Top of SUPPLIED MATERIAL

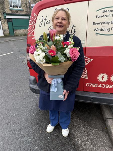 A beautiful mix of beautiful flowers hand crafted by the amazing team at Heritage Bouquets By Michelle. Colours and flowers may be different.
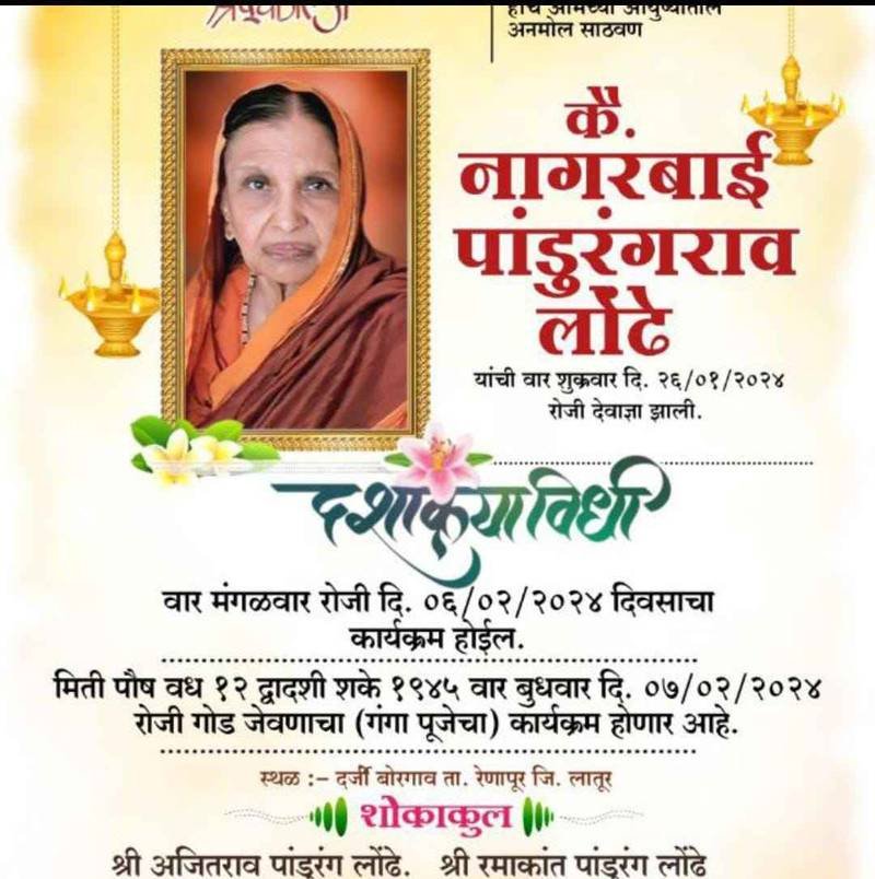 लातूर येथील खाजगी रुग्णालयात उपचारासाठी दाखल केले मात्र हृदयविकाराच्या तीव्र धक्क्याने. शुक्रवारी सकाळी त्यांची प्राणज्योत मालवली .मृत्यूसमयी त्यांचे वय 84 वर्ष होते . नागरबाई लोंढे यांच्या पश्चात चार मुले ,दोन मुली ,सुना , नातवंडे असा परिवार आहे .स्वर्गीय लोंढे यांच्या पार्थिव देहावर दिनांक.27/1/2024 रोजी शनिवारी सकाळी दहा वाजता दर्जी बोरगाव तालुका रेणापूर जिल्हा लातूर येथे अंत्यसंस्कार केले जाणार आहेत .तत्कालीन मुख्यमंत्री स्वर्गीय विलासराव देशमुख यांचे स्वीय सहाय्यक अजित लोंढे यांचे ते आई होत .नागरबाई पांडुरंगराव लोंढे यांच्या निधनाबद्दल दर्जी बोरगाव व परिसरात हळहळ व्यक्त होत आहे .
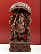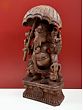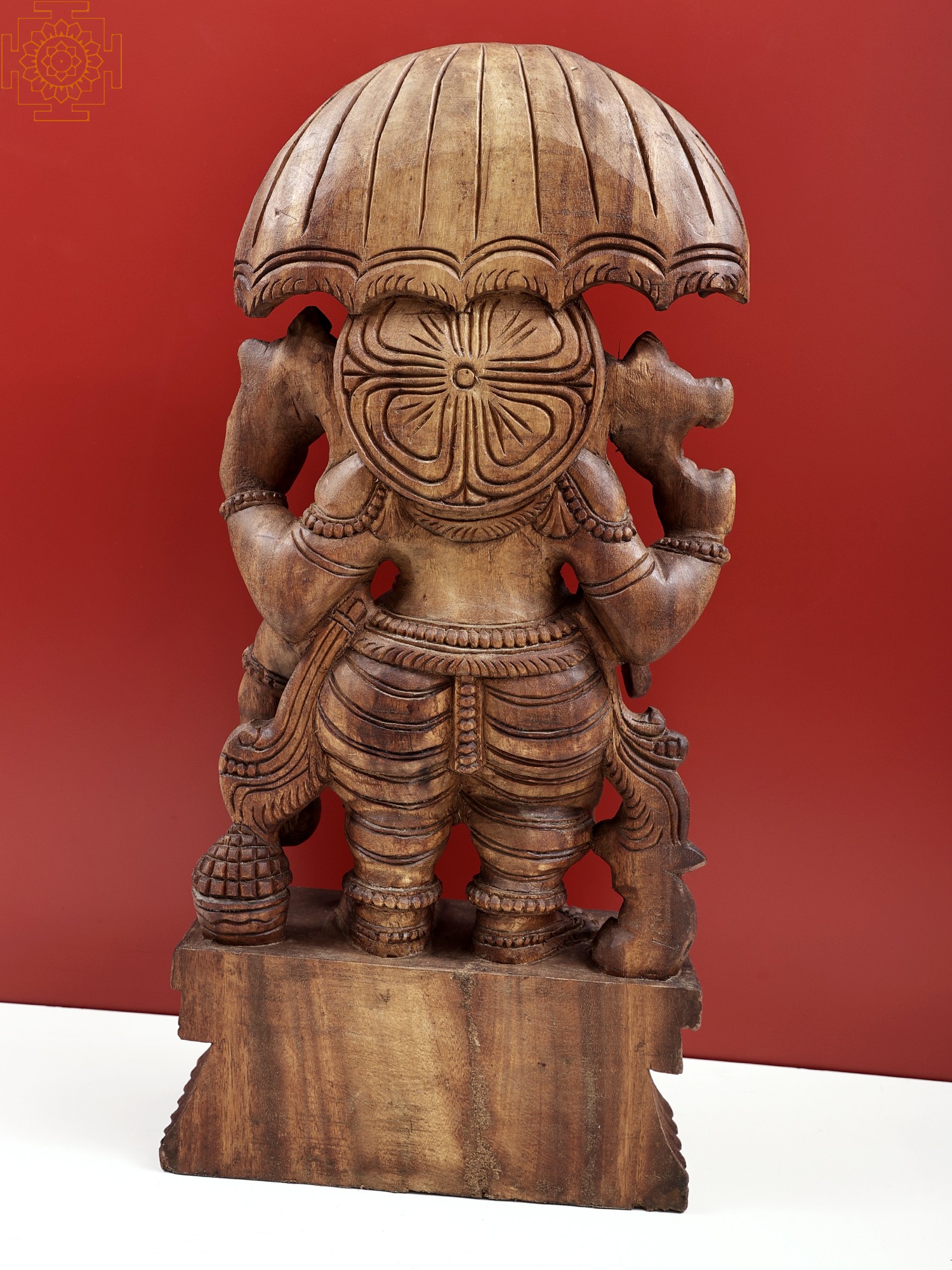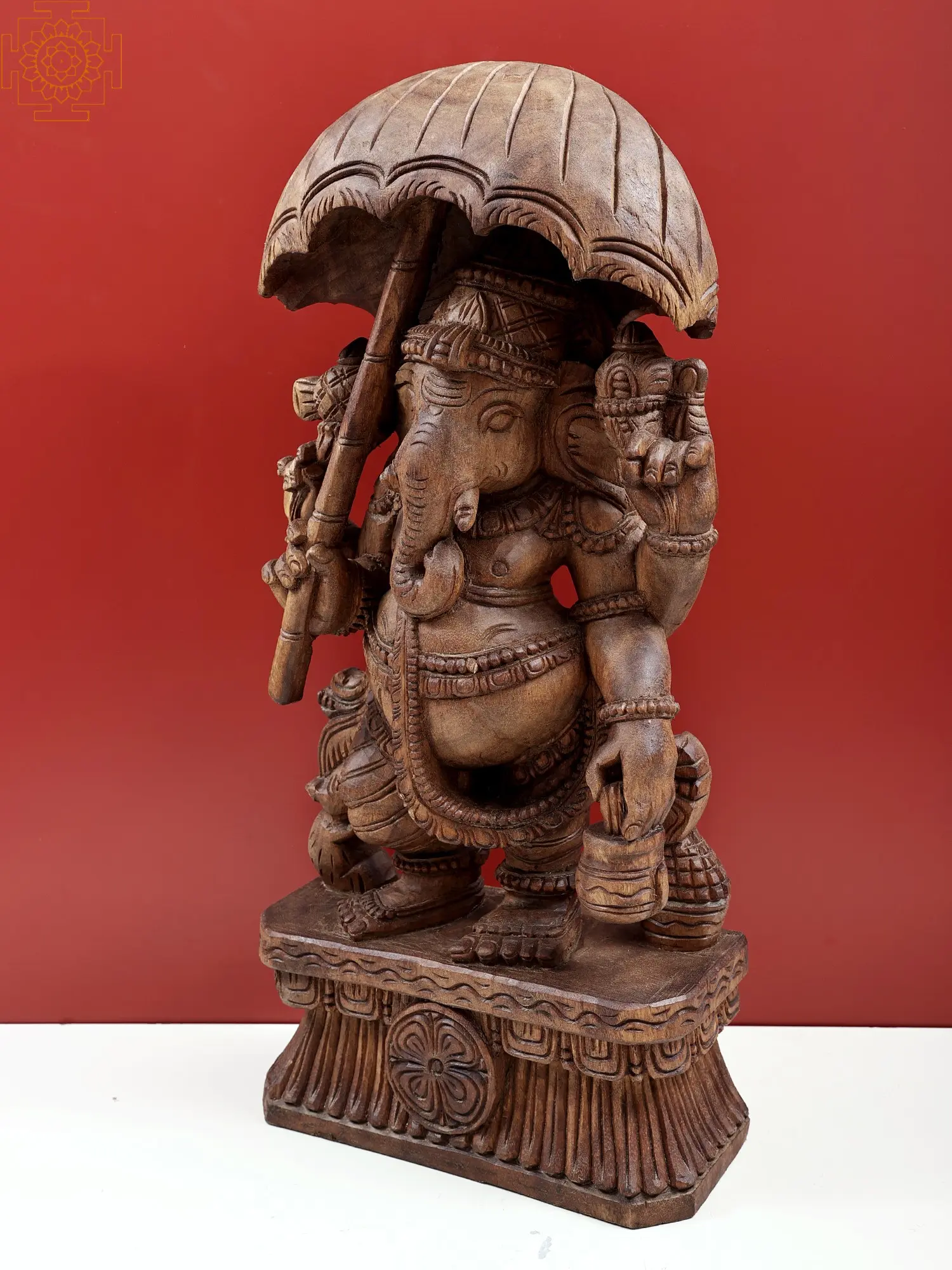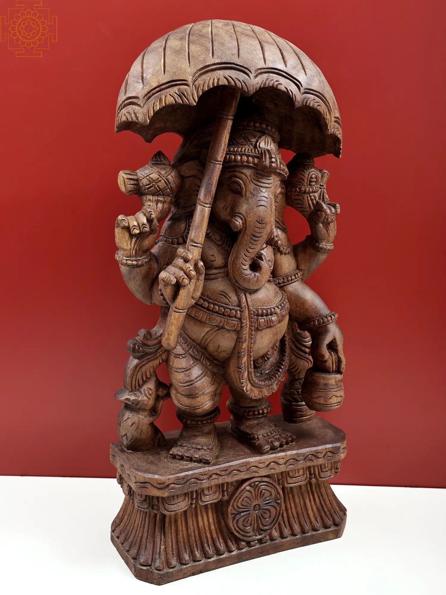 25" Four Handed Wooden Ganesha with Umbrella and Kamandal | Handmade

Bottom of SUPPLIED MATERIAL

_DESCRIPTION OF THE TASK_
Nothing but the lines from the one that holds "लातूर येथील खाजगी" through the end of the data should appear, written out exactly, without pictures.

_SOLVED EXERCISE_
 लातूर येथील खाजगी रुग्णालयात उपचारासाठी दाखल केले मात्र हृदयविकाराच्या तीव्र धक्क्याने. शुक्रवारी सकाळी त्यांची प्राणज्योत मालवली .मृत्यूसमयी त्यांचे वय 84 वर्ष होते . नागरबाई लोंढे यांच्या पश्चात चार मुले ,दोन मुली ,सुना , नातवंडे असा परिवार आहे .स्वर्गीय लोंढे यांच्या पार्थिव देहावर दिनांक.27/1/2024 रोजी शनिवारी सकाळी दहा वाजता दर्जी बोरगाव तालुका रेणापूर जिल्हा लातूर येथे अंत्यसंस्कार केले जाणार आहेत .तत्कालीन मुख्यमंत्री स्वर्गीय विलासराव देशमुख यांचे स्वीय सहाय्यक अजित लोंढे यांचे ते आई होत .नागरबाई पांडुरंगराव लोंढे यांच्या निधनाबद्दल दर्जी बोरगाव व परिसरात हळहळ व्यक्त होत आहे .
 25" Four Handed Wooden Ganesha with Umbrella and Kamandal | Handmade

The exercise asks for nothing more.